Do we really have upstream demand for this feature on dg2 only?
Also how hard would it be to make these users happy with xe-on-dg2 in
upstream instead?
> Why are you saying that we are reloading/rebinding the driver?
That's the other alternate solution.
> I'm only removing the exposure of user engines, which is
> basically a flag in the engines data structure.
>
> > There's some really gnarly locking and lifetime fun in there, and it needs
> > a corresponding justification.
>
> What locking are you referring about?
>
> I only added one single mutex that has a comment and a
> justification.

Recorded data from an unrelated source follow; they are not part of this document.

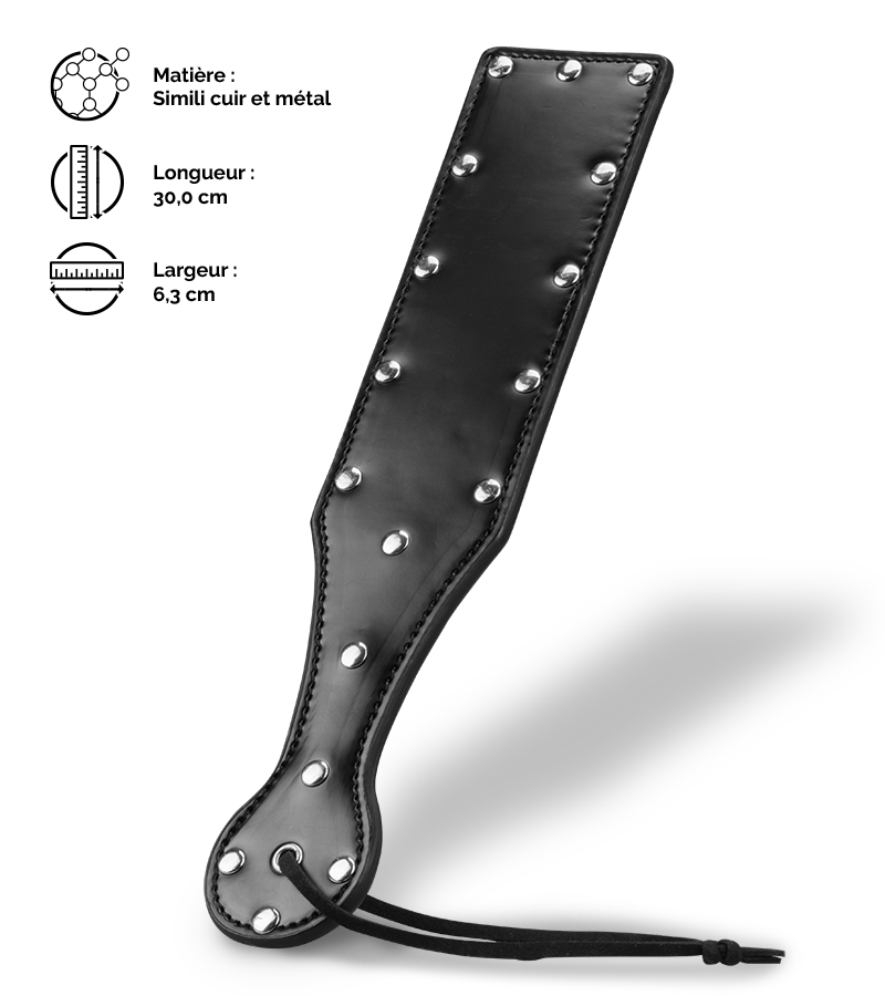 Le paddle BDSM noir cuir et rivets mesure 30,0 cm de long et 6,3 cm de large.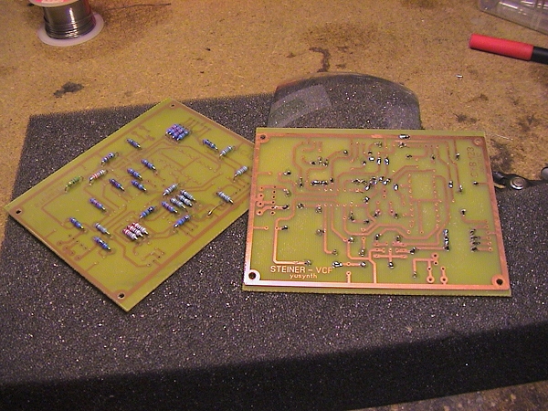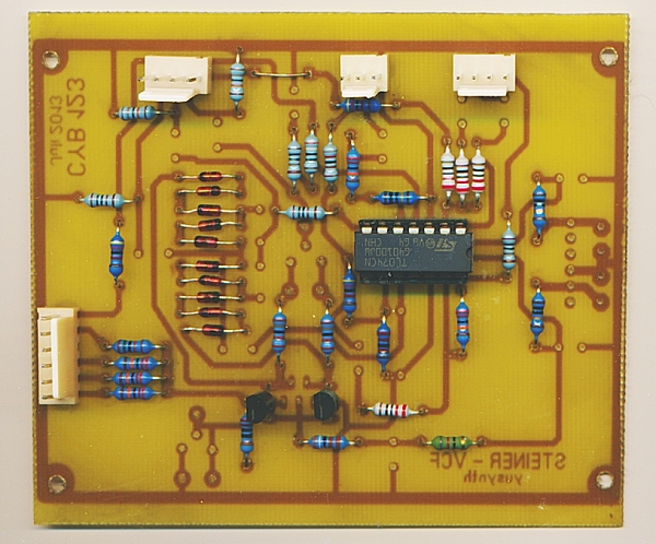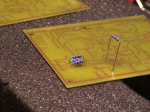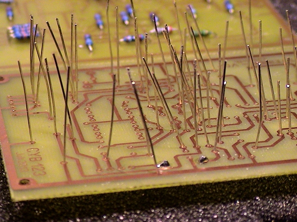 definitiv keine Durchmesser für einen Wanddurchbruch! Nach dem Bohren säubere ich die Platine auf Ober- und Unterseite gründlich indem ich mit Aceton die restlichen Lackschichten entferne. Wenn die Platine nicht noch Wochen herumliegt bevor sie bestückt wird, braucht man sie auch nicht mit Lötlack oder anderem "Zeug" zu beschichten. Zum Bestücken gibt es nicht so viel zu sagen, mit den flachsten Bauteilen anfangen, mit Drahtbrücken, dann Widerstände, Dioden usw. Ich stecke immer alle Bauteile einer Kategorie und das macht sich mit dem Schaumstoff "unten drunter" sehr gut. |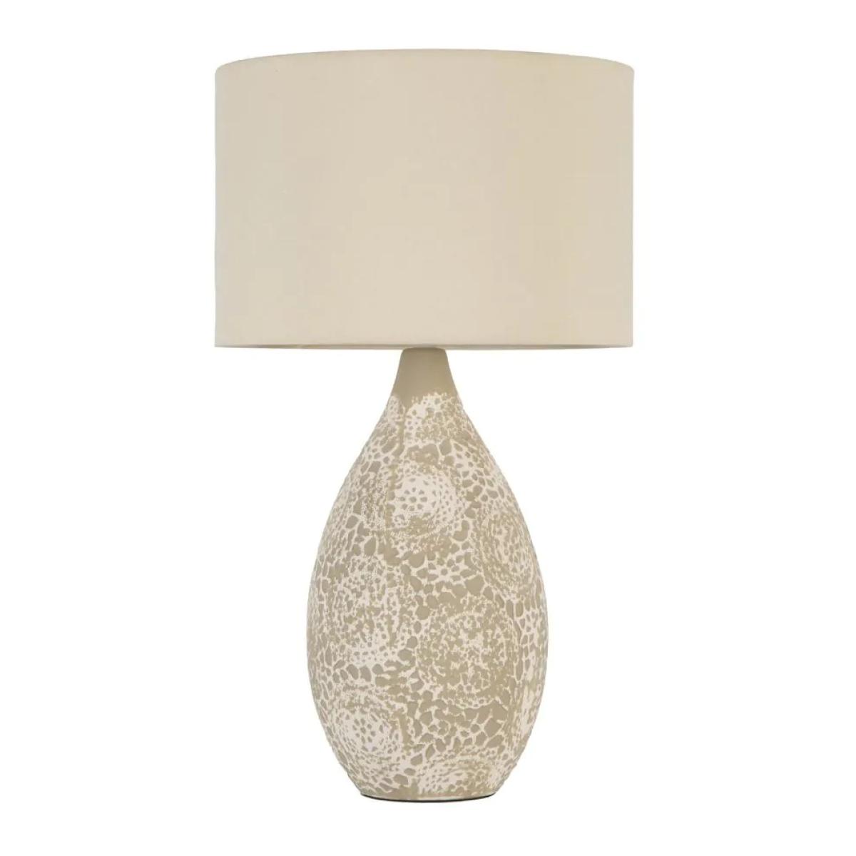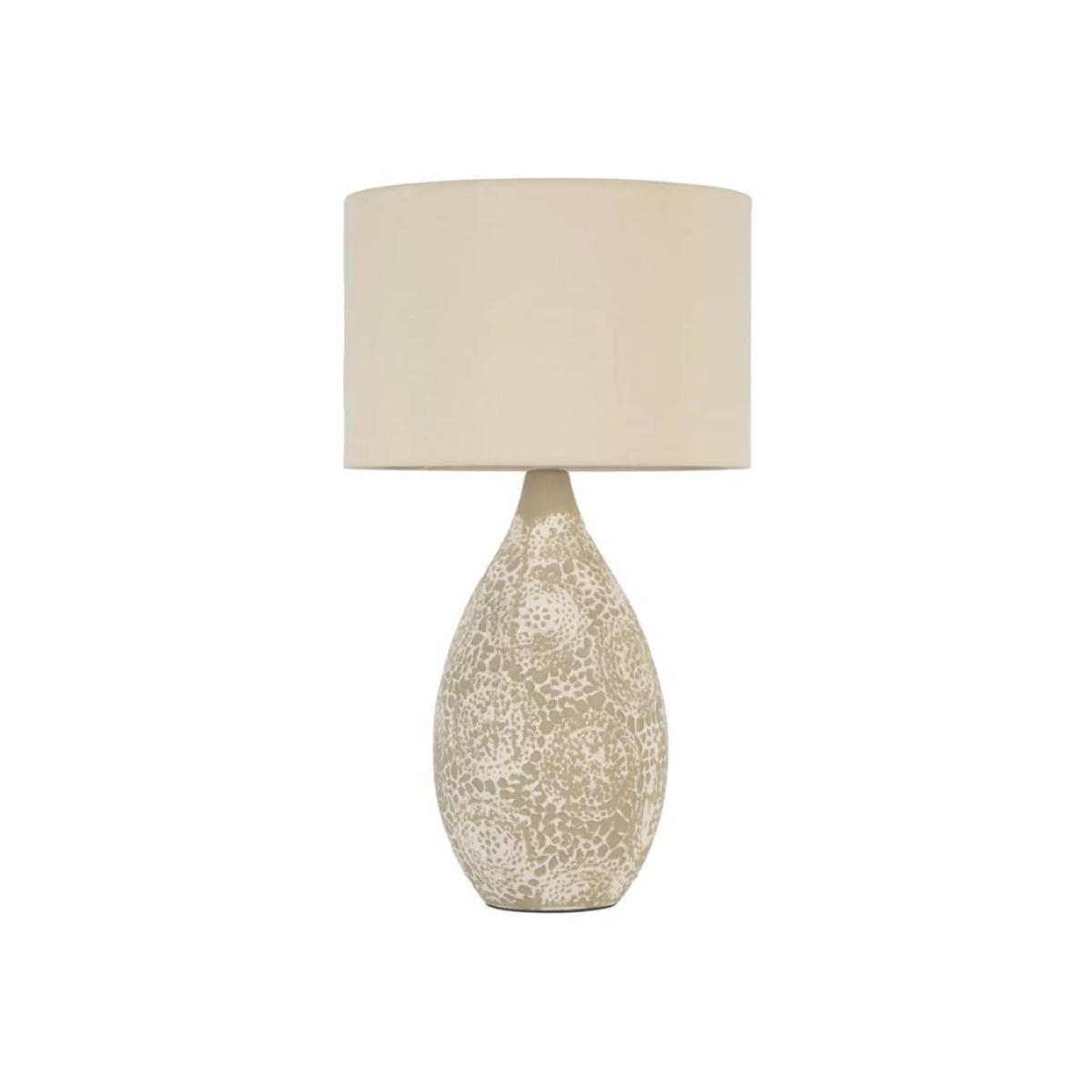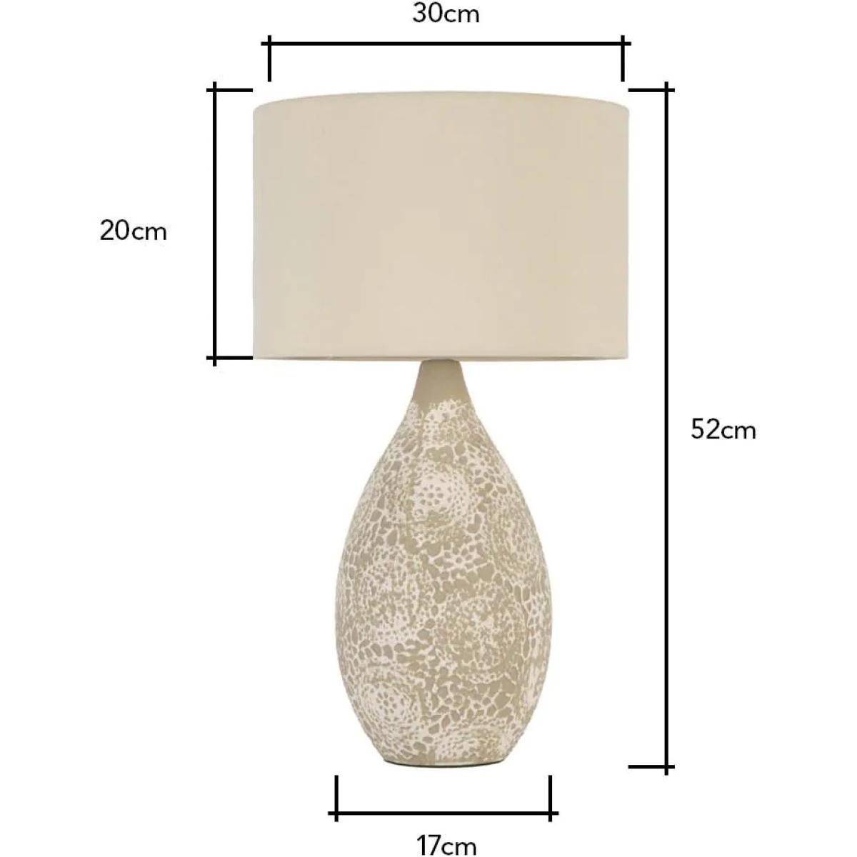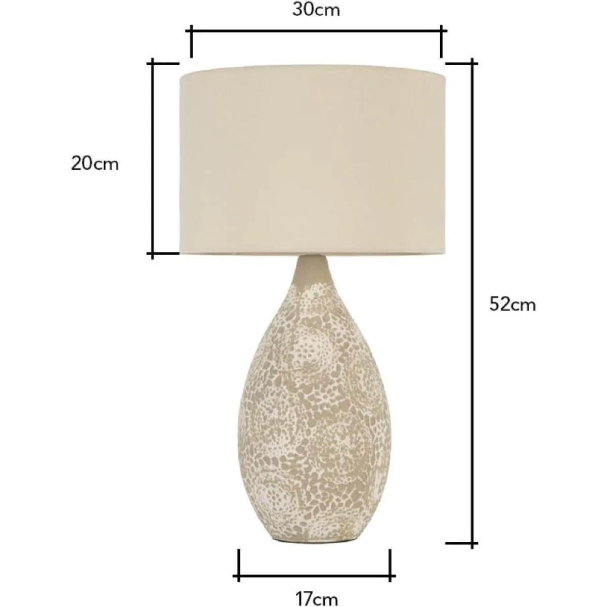Introduce an earthy elegance to your home with the BHS Inar 2-Tone Ceramic Table Lamp in Natural. This beautifully crafted table lamp features a two-tone ceramic base, blending natural tones for a warm, organic look that complements a variety of interior styles, from rustic to modern minimalist. The base combines a matte ceramic finish with a natural, earthy hue, adding texture and visual interest to your space. Topped with a neutral fabric shade, the Inar lamp provides a soft, ambient glow, creating a calm and inviting atmosphere in any room. Perfect for living rooms, bedrooms, or entryways, this lamp is a versatile and stylish addition to your décor. Number of lights: 1 Bulb type: 1 x E14 Small Edison Screw bulb required (not included) Max Wattage: 6 W (LED) Compatible with LED Shade Material: Fabric Base Material:Ceramic Some assembly is required Dimensions: Height: 52cm Diameter: 30cm Base Height: 40cm Base Diameter: 17cm Shade Height: 20cm Shade Diameter: 30cm All screens vary in colour reproduction and whilst every effort has been made to display the colour as accurately as possible it is for guidance only.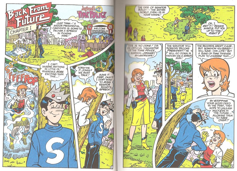 In the summer of 1988 Margopolous wrote a Giant Series issue starring Jughead called "Back From The Future." While the title suggested a Back to the Future parody, the story itself does not resemble the movie at all, going off in its own crazy direction from the very first panel. Jughead is lounging at Riverdale's Pickens Park, waiting for current presidential candidate Senator Bailey to make a speech. Suddenly, from out of nowhere, a redheaded woman in futuristic clothing materializes behind him in a plume of smoke. She introduces herself as January McAndrews, Marshal of the Time Police, and tells Jughead that for the next few hours, he is crucial to the flow of history.
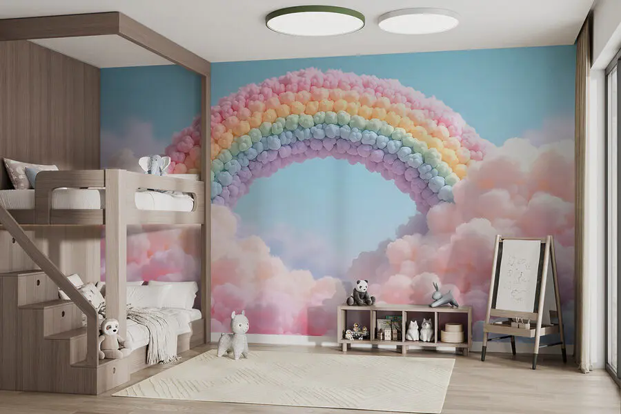 Transformați-vă spațiul într-o evadare de vis cu acest capricios "Fototapet Rainbow made of Clouds". Este ca o felie de rai de vată de zahăr, chiar pe pereții tăi! Imaginați-vă că vă treziți și sunteți întâmpinați de nori pastel și un curcubeu care pare să plutească doar pentru dvs. Perfectă pentru o cameră de copil sau pentru un colț de lectură confortabil, această pictură murală adaugă o notă de magie oricărei încăperi. Fiecare privire la acești nori pufoși aduce un zâmbet, stârnind o bucurie precum găsirea unui cartof prăjit în plus pe fundul pungii. Nu este doar decor; este o vibrație care te face să te simți bine, transformând un perete obișnuit într-un vis cu ochii deschiși. Vorbim despre un starter de conversație!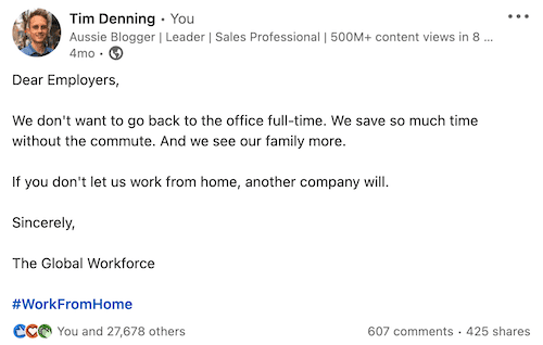 This post went viral. It looks like the global workforce wants work from home forever. Nice. Enjoy your freedom peeps.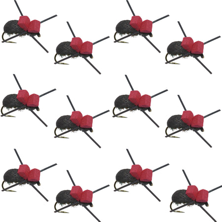 Red Top Black Foam Beetle Terrestrial Trout Dry Fly Fishing Flies - 1 Dozen Flies Size 14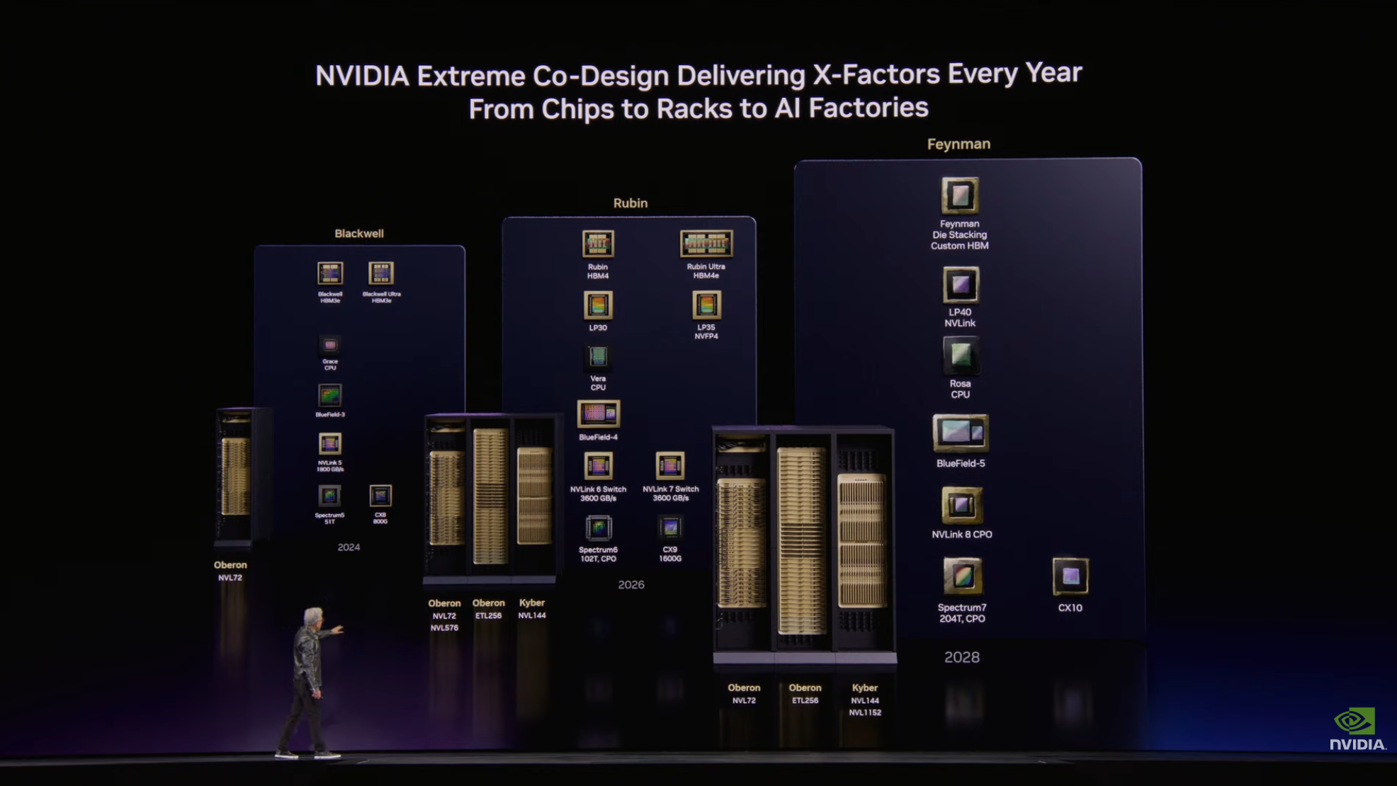 今天大會上,不僅展示了 Vera Rubin,還首度拿出了採用全新垂直插拔設計、搭配 Kyber 機架的下一代運算節點 Rubin Ultra。這項全新的硬體與中介板(midplane)設計,讓系統能在單一 NVLink 內串連高達 144 個 GPU,形成龐大的算力規模。

If you think that's not enough, I can of course
> improve it (please note that the changes have a good amount of
> comments and I tried to be aso more descriptive as I could).
>
> When I change the engines configurations only for the compute
> engines and only for DG2 platforms, I need to make sure that no
> other user is affected by the change. Thus I need to make sure
> that access to some of the strucures are properly serialized.
>
> > Which needs to be enormous for this case,
> > meaning actual customers willing to shout on dri-devel that they really,
> > absolutely need this, or their machines will go up in flames.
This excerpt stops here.